▸ Exercise objective: From the records that follow, return exactly the lines beginning at the one that contains "According to Figure" and ending at the one that contains "The iconic Umbro", pictures left out.

▸ Records provided:
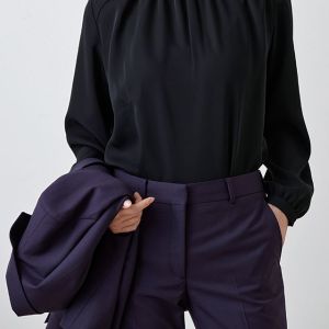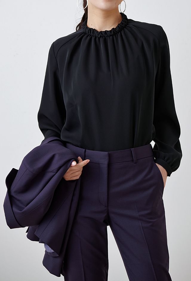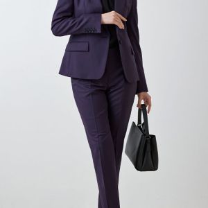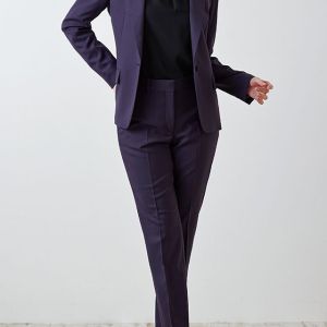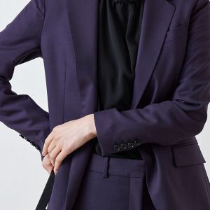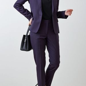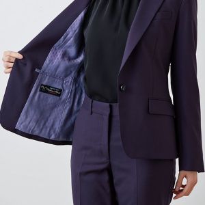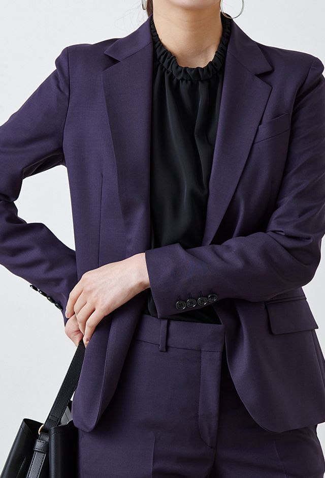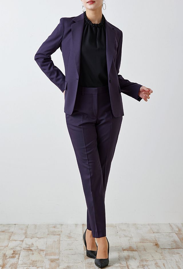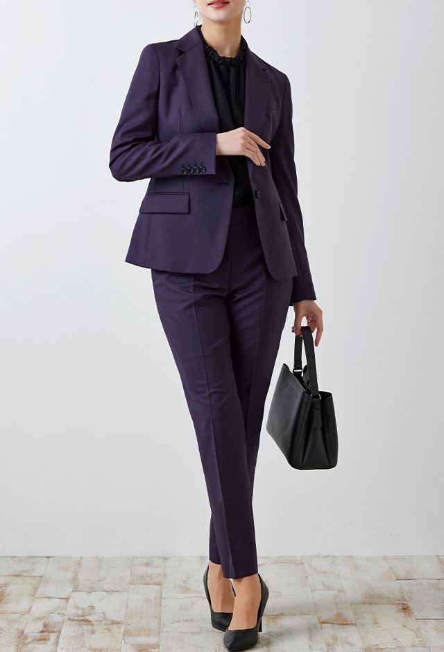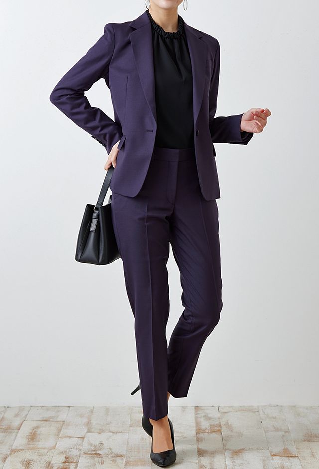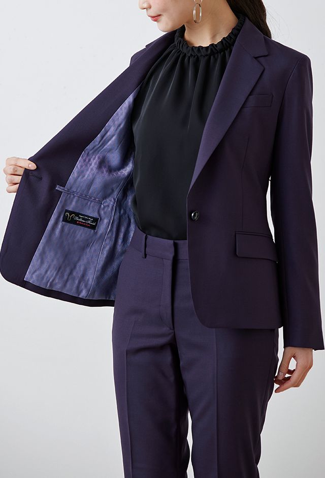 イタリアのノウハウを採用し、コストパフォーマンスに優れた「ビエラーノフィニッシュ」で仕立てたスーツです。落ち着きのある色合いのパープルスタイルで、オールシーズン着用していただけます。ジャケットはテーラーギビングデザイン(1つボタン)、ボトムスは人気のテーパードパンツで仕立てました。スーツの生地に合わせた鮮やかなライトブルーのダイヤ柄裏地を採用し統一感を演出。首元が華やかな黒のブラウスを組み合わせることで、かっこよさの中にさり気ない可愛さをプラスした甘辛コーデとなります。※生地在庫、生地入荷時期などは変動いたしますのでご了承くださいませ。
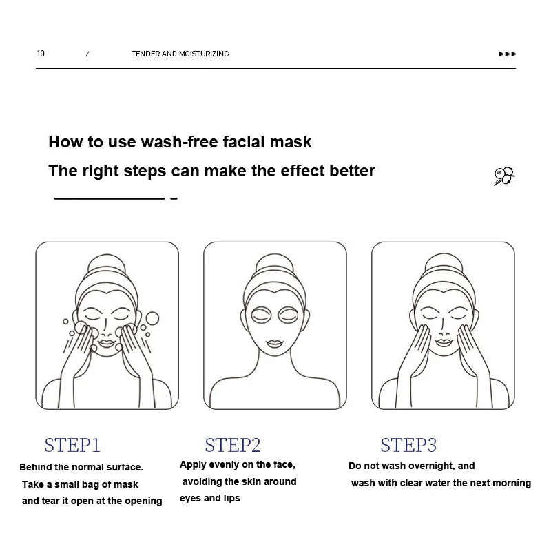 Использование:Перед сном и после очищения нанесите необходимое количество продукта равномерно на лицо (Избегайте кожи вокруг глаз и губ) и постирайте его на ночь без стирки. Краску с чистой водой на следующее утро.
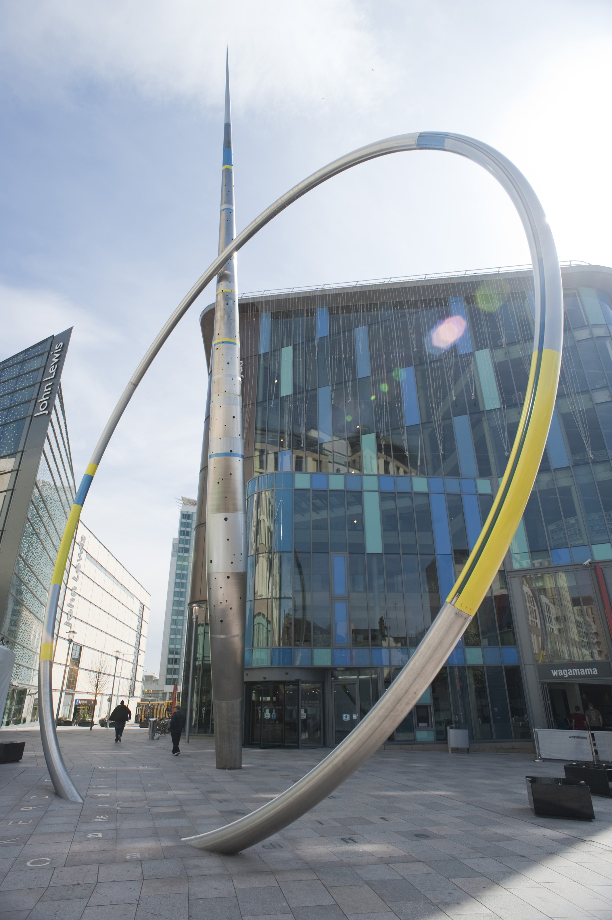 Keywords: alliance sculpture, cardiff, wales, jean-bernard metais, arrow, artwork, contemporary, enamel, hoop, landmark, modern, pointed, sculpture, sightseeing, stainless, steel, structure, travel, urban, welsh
* * *
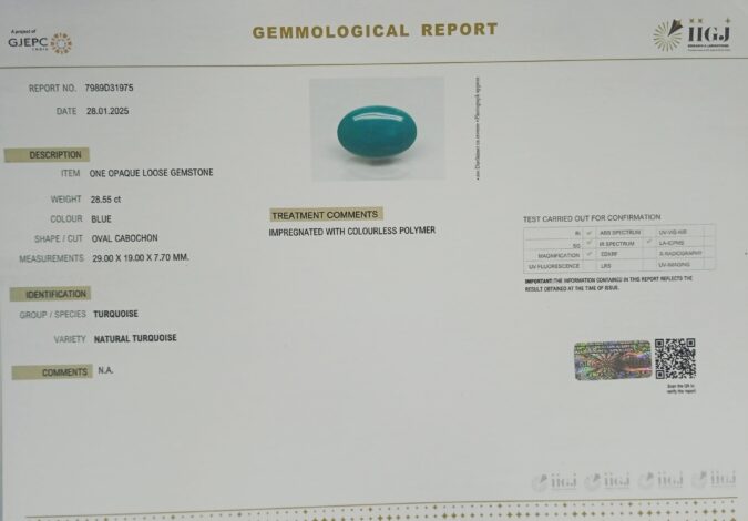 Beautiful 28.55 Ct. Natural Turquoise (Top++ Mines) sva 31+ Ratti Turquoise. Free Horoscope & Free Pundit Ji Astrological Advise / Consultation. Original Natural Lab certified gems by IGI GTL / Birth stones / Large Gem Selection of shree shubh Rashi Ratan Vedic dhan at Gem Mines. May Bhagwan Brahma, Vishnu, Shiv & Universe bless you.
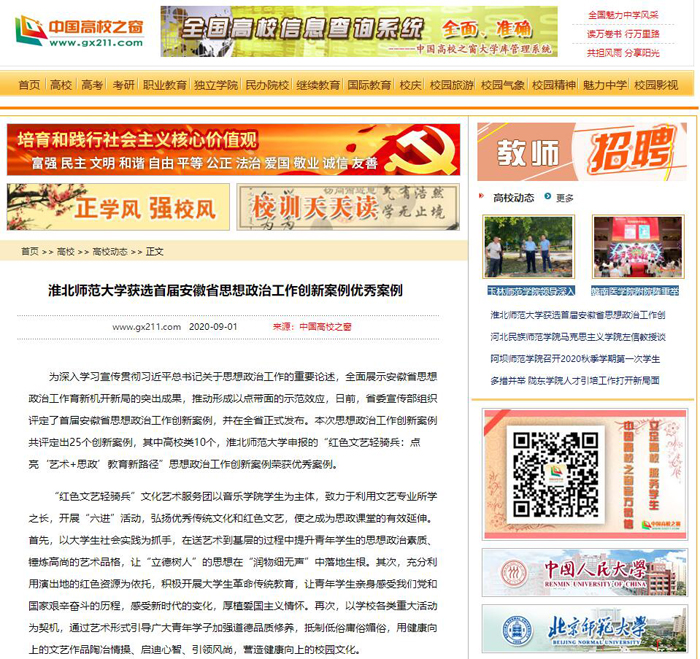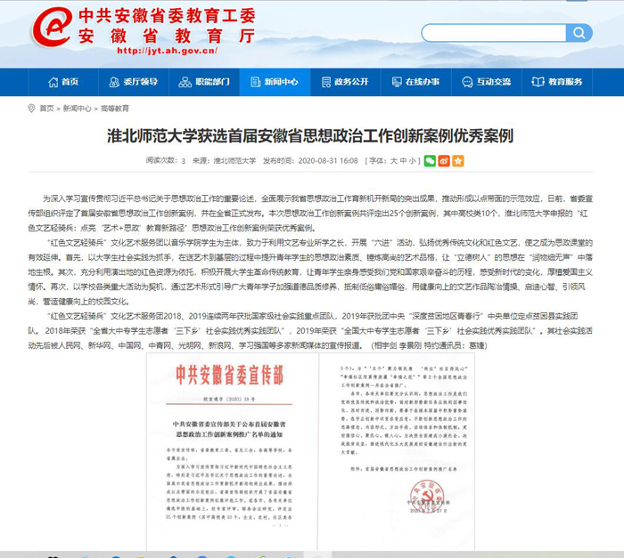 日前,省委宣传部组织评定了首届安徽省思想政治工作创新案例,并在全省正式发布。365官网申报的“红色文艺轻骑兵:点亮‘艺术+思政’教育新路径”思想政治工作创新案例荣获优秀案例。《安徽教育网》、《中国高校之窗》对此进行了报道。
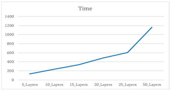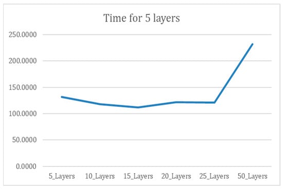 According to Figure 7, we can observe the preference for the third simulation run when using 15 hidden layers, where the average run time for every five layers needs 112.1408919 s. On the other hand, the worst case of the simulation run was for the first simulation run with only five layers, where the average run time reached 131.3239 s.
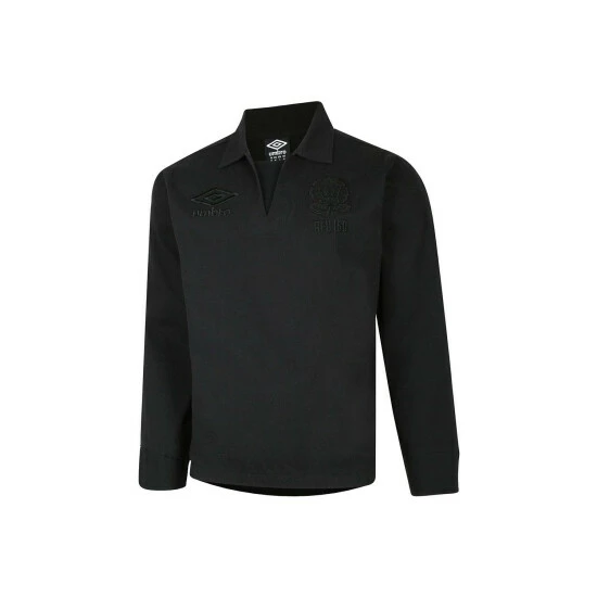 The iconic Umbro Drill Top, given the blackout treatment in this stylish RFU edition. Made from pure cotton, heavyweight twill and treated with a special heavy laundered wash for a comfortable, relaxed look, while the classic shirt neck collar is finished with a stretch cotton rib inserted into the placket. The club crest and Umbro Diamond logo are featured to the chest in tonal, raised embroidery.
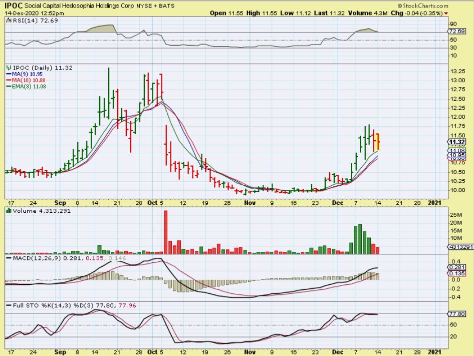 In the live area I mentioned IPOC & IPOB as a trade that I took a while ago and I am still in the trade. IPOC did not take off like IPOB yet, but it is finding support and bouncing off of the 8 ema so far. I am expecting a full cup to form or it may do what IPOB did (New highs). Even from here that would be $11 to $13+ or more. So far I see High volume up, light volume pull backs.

▸ Output of the task:
 According to Figure 7, we can observe the preference for the third simulation run when using 15 hidden layers, where the average run time for every five layers needs 112.1408919 s. On the other hand, the worst case of the simulation run was for the first simulation run with only five layers, where the average run time reached 131.3239 s.
 The iconic Umbro Drill Top, given the blackout treatment in this stylish RFU edition. Made from pure cotton, heavyweight twill and treated with a special heavy laundered wash for a comfortable, relaxed look, while the classic shirt neck collar is finished with a stretch cotton rib inserted into the placket. The club crest and Umbro Diamond logo are featured to the chest in tonal, raised embroidery.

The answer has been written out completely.